# comcast ondemand srm-8 error



## leiff (Aug 24, 2005)

with my Romeo and Mini, if one device is using Comcast Xfinity on demand and then the other device also tries to use on-demand, the newest device will get SRM - 8 error message. I thought I would be able to access on demand from both devices at the same time?


----------



## lessd (Jan 23, 2005)

leiff said:


> with my Romeo and Mini, if one device is using Comcast Xfinity on demand and then the other device also tries to use on-demand, the newest device will get SRM - 8 error message. I thought I would be able to access on demand from both devices at the same time?

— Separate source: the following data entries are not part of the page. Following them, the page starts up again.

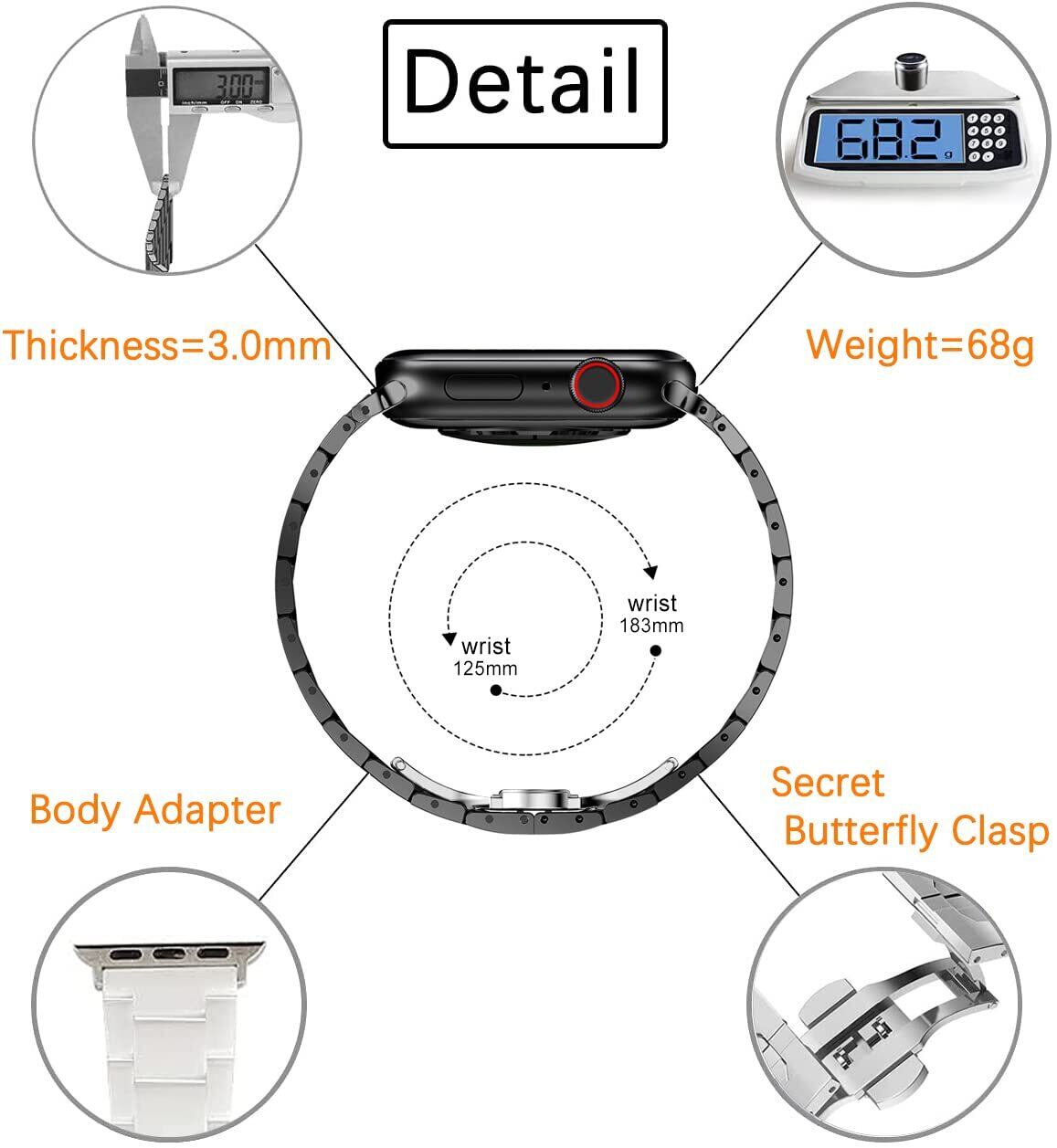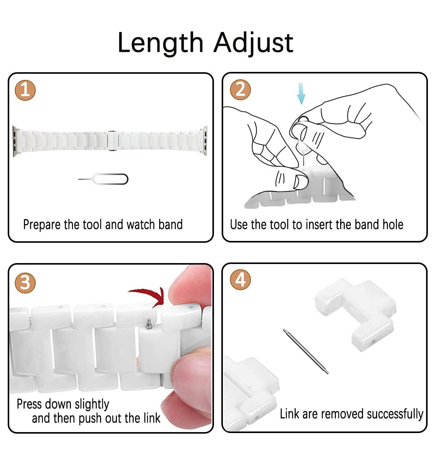 【素材】 - このバンドはセラミックリンク+ 316L ステンレススチールクラスプで作られています。 セラミックの各部分は、経験豊富な職人によってゆっくりと研磨されました。 ラグジュアリー、気品、エレガンスなスタイルで、あなたのスマートウォッチをジュエリーのように見せます。
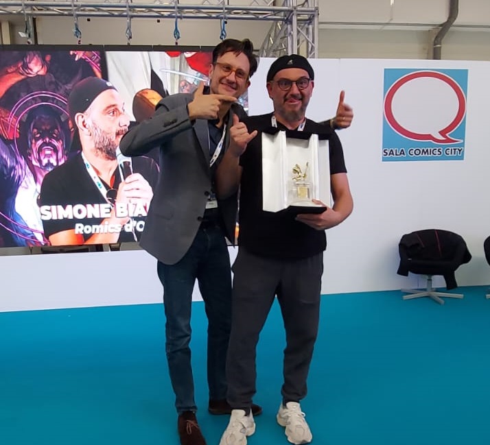 L'illustratore e pittore Simone Bianchi, maestro della comic art contemporanea, ha ricevuto oggi a Roma il Romics d'Oro e a premiarlo accanto a lui, sul palco c'era l'amico fraterno Emanuele Vietina, direttore di Lucca Comics & Games.
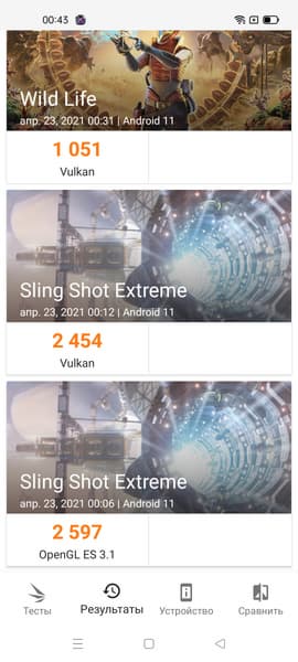 | 3DMark Sling Shot Ex Vulkan (больше — лучше) | 2454 | 2150 | 2777 | 3619 | 1335 |
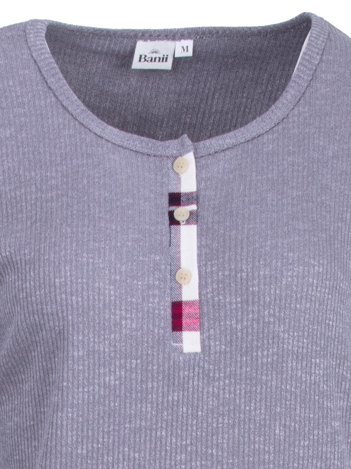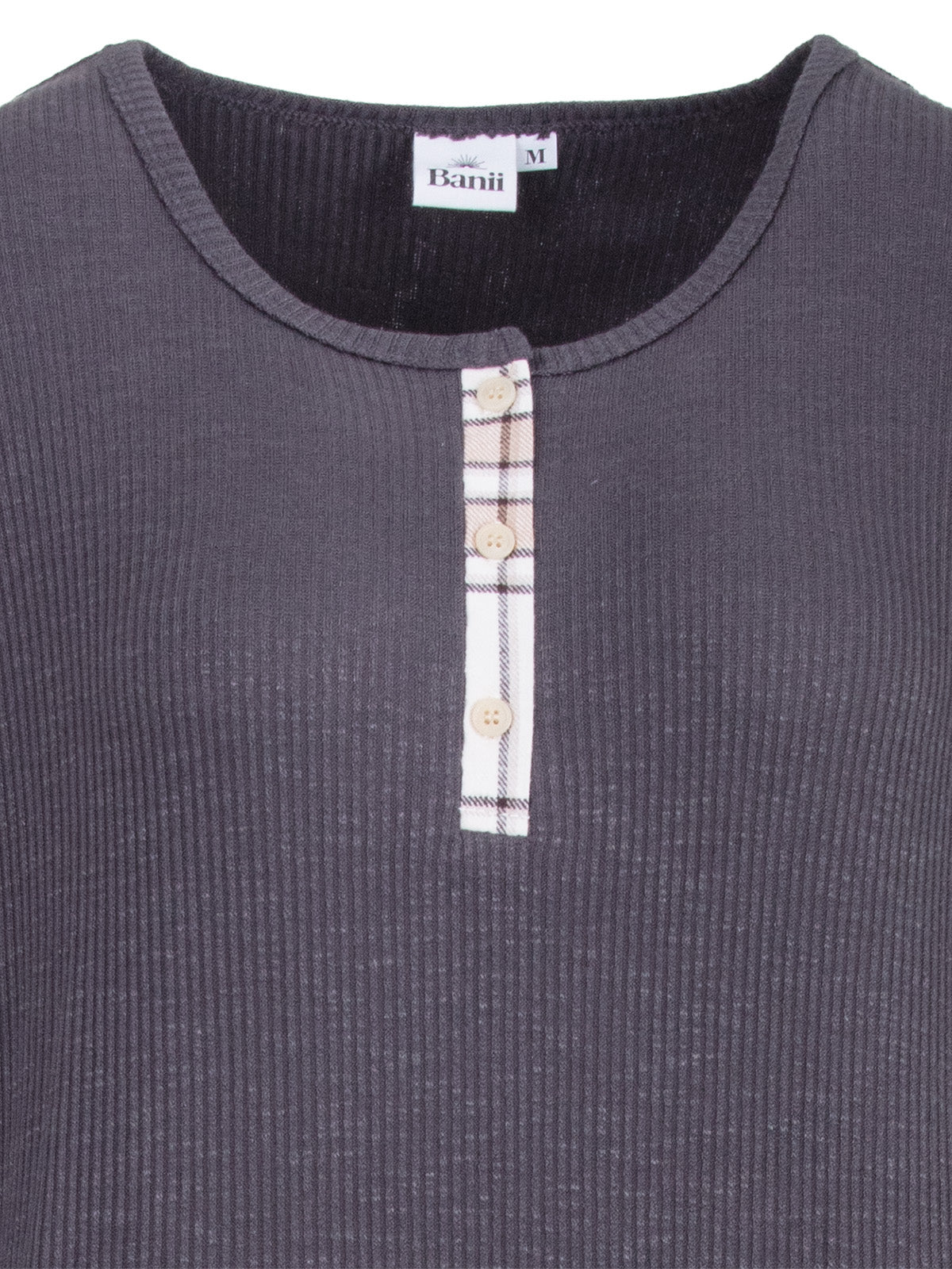 Der elastische Bund sorgt für zusätzlichen Tragekomfort, ohne einzuengen – ideal zum Relaxen, Lesen oder einfach zum Seele-baumeln-Lassen. Ein besonderes Detail ist die 3er-Knopfleiste mit Knöpfen in beiger Hornoptik, die dem Design einen frischen, jungen Touch verleiht und es dezent trendig abrundet.

No can do as there is only one TiVo tuner that can be assigned to OD at one time.


----------



## leiff (Aug 24, 2005)

today I'm getting s rm-8 error from both my mini and my romeo when either tries to access OD. should I unplug my Romeo? I already tried rebooting my router and TiVo mini. I don't like rebooting the Romeo since it has a spinning hard drive. 
if I upgraded my roamio basic to a pro with multiple mini's woild i still only be capable of one on demand stream at a time?


----------



## leiff (Aug 24, 2005)

I'm getting these SRM-8 error code everyday now when trying to access ondemand. if I unplug the system it will restore on demand functionality or if i wait a handful of hours it will eventually work again. needless to say I don't want to have to be unplugging the TiVo everyday as I'm sure this is bad for the hard drive. I called TiVo and they said it was a Comcast issue. should I try replacing the CableCARD?
what's annoying is this SRM-8 code is the very same code I get when I'm trying to access on demand when my Mini is using on demand so whenever I get error code I first have to check the other room to see if the mini is using on demand.


----------



## leiff (Aug 24, 2005)

I discovered when I get the error message I can unplug the cable card from TiVo and quickly plug card back in to re enable my on demand. This is preferable to unplugging the power cable but i guess ill call Comcast and request a cablecard replacement


----------